Los personajes no me pertenecen, solo la historia es mía.
Capitulo 10
"Culpa"
Mi cabeza daba vueltas, me sentía mareada y desorientada, trate de abrir los ojos pera una fuerte luz me lo impedía, había alguien que tocaba mi cara.
-¿está bien?- pregunto la voz de una mujer
-sí, solo estaba en shock pero ya está reaccionando- respondió el que supuse era el médico por su voz.
- oh, qué alivio gracias papa, creo que rose la conoce, deberías avisarle.
- si lo hare, quédate aquí por si despierta, cualquier cosa me avisas ¿está bien?
-si papa, nos vemos luego –
- Adiós- se sintieron unos pasos y luego todo volvió a silencio.
Abrí los ojos lentamente mientras se acostumbraban a la luz. Cuando ya se acostumbraron pude ver el lugar en donde me encontraba, tal como me lo imaginaba estaba en un hospital, todo era de color blanco, gire mi cabeza un poco y dolió, sentía una fuerte punzada en la frente, levante una mano pero sentí que alguien me retenía.
- cuidado, tienes los puntos recién puestos no deberías tocarte- era la misma joven que había visto cuando me baje del auto del muchacho fornido.- por cierto soy Alice Cullen, un gusto.- ¿Cullen? ese apellido me era conocido.
-un gusto… por casualidad ¿conoces a Rosalie? – tenía que preguntarlo-
-si ella es mi hermana, junto con Edward quizás los conozcas.
Se me vino a la mente la imagen de la mujer que me llevo a mi casa el día que llegue a Forks, pero en otro momento lo preguntaría, no tenía ganas de hablar más por ahora.
-sabes, no tienes que decir nada pero todo va a estar bien si, jamás nadie te volverá a tocar.
Las lagrimas se agolparon en mis ojos, el solo recordar la imagen de esos dos infelices me hacía temblar de miedo, si no hubiese sido por que llego… ese joven.
-gracias- dije entre lágrimas- si no hubiese sido por ti y tu novio…. No lo quiero ni pensar.- las lagrimas salían sin control, Alice se acerco y me abrazo fuertemente.

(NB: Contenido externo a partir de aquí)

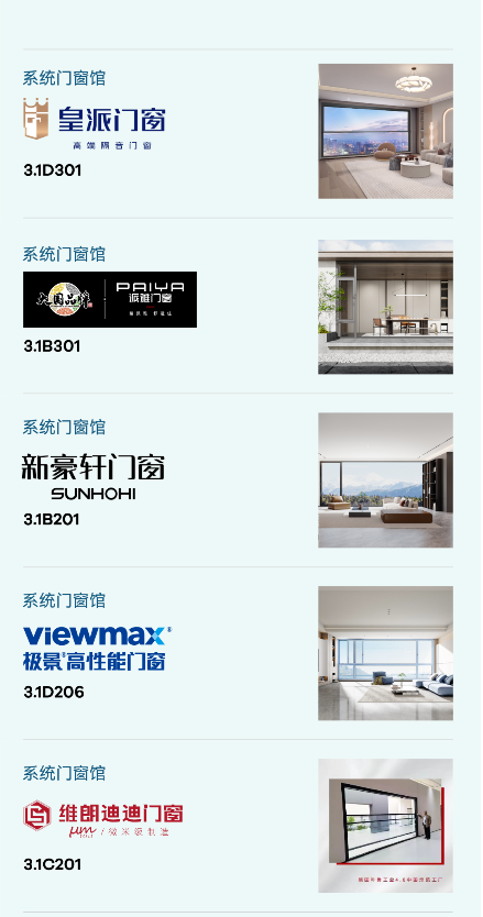 2024中國建博會(上海)重磅打造系統(tǒng)門窗展區(qū)。3號館及4.1號系統(tǒng)門窗館展出規(guī)模超4萬㎡,將囊括系統(tǒng)門窗、鋁合金門窗、鋁木門窗、陽臺空間、 陽光房及門窗配套等品類,齊聚齊聚皇派、派雅、新豪軒、米蘭之窗、瓦瑟、極景、德技優(yōu)品、維朗、易歐斯、飛宇、帝奧斯、智宬軒、靜贏、捷陽、智赫、遇美、海螺等門窗品牌,全力打造一個高效品宣、極速觸達(dá)、精準(zhǔn)輻射的“窗口”,助力企業(yè)加速出圈!

- no te preocupes si no hubiese llegado jamás me lo hubiese perdonado, y Emmett no es mi novio él es mi amigo y cuñado.
-oh, perdón.- dije aun llorando-
- no te preocupes por eso ahora- froto su mano en mi brazo para reconfortarme.- emmm , tu nombre es Isabella ¿verdad?
-s… si….- respondí como pude entre las lagrimas.

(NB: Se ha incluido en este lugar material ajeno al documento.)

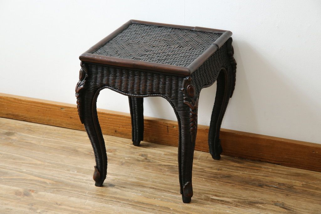 テーブル> カフェテーブル・コーヒーテーブル > 中古 美品!! 希少モデル ポロ ラルフローレンホーム(Polo Ralph Lauren Home) 高級感漂うラタン素材のクラシカルなサイドテーブル(コーヒーテーブル、ナイトテーブル、花台、飾り台)(定価約12万円)(R-083548)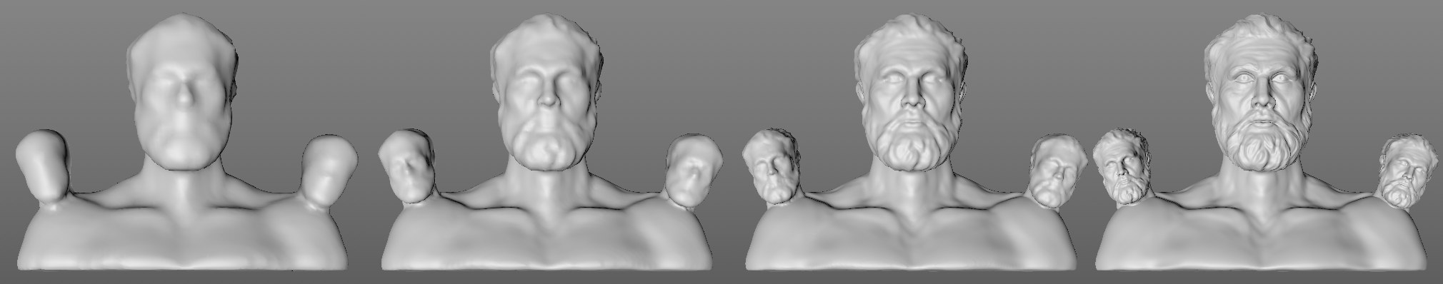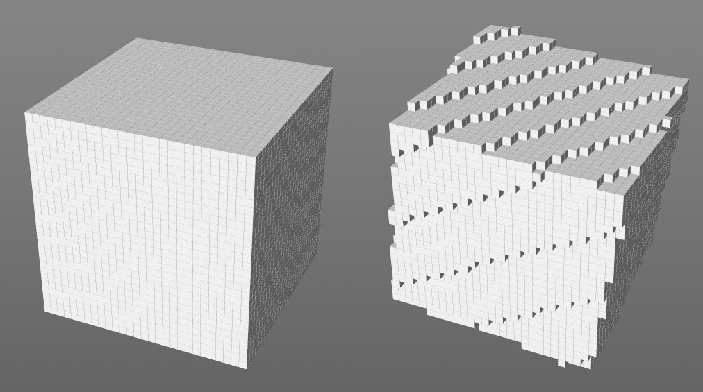 Wenn der Volumenmesher aus den Voxeln ein Mesh erzeugt, kann es zu Artefakten bei der Interpolation kommen. Stellen Sie sich z.B. 3 Würfel unterschiedlicher Position vor. Je nach Position kann die Kante eines Würfels sehr scharf sein, weil die Kante genau auf der Grenzfläche zweier Voxel liegt, während sie bei einem anderen Würfel abgerundet erscheint, weil sie mitten durch ein Voxel läuft. In solchen Fällen kann es sinnvoll sein, die vorgegebene Gittermatrix zu überschreiben, um beide Kanten abzurunden.

- tu padre está afuera esperando, en la cafetería, le dije que mi padre, que por cierto es quien te atendió, dijo que te dejáramos descansar
-¿como esta?- tenía miedo de su reacción, de seguro se echaría toda la culpa.
-emmm, no lo sé quizás lo mejor es que lo dejes entrar.

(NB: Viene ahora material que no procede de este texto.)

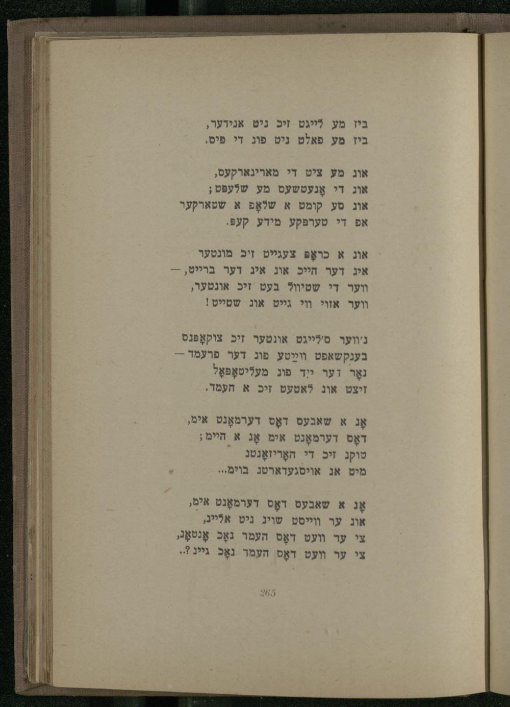 נ'ווער ס'לייגט אונטער זיכ צוקאָפּנס בענקשאפט װײַטע פוג דער פרעמד-נאָר דער ייד פוג מעליטאָפּאָל זיצט אונ לאטעט זיס א העמד.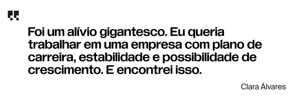 “Foi um alívio gigantesco. Eu queria trabalhar em uma empresa com plano de carreira, estabilidade e possibilidade de crescimento. E encontrei isso.”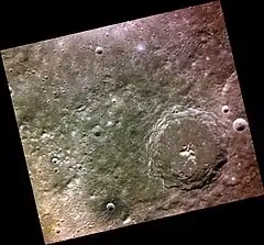![]() Approximate color MESSENGER image with Nervo below right | |

- si… ¿le puedes decir que ya desperté por favor?
-claro, nos vemos luego ¿sí?
-sí, fue un gusto conocerte de verdad – me sonrió y luego salió de la habitación.
No sé porque tenía que estar en el hospital, esos tipos no me alcanzaron a hacer nada, solo fue el susto. Pero luego recordé las veces en que me empujo haciendo que me golpeara la mano y la frente, mire mi mano y tenía un yeso que llegaba hasta el codo, levante la otra mano con cuidado y toque mi frente había un gran parche, de seguro que se veía grave pero no lo era en realidad. Estaba en eso cuando sentí que la puerta se abrió, compuse mi rostro lo mejor que pude para no preocuparlo, Entro con la mirada gacha y cerró la puerta quedándose de pie junto a esta, lentamente levanto la cara y me miro fijamente. Sus ojos estaban rojos y sus mejillas tenían rastros de lágrimas, verlo así me partió el corazón.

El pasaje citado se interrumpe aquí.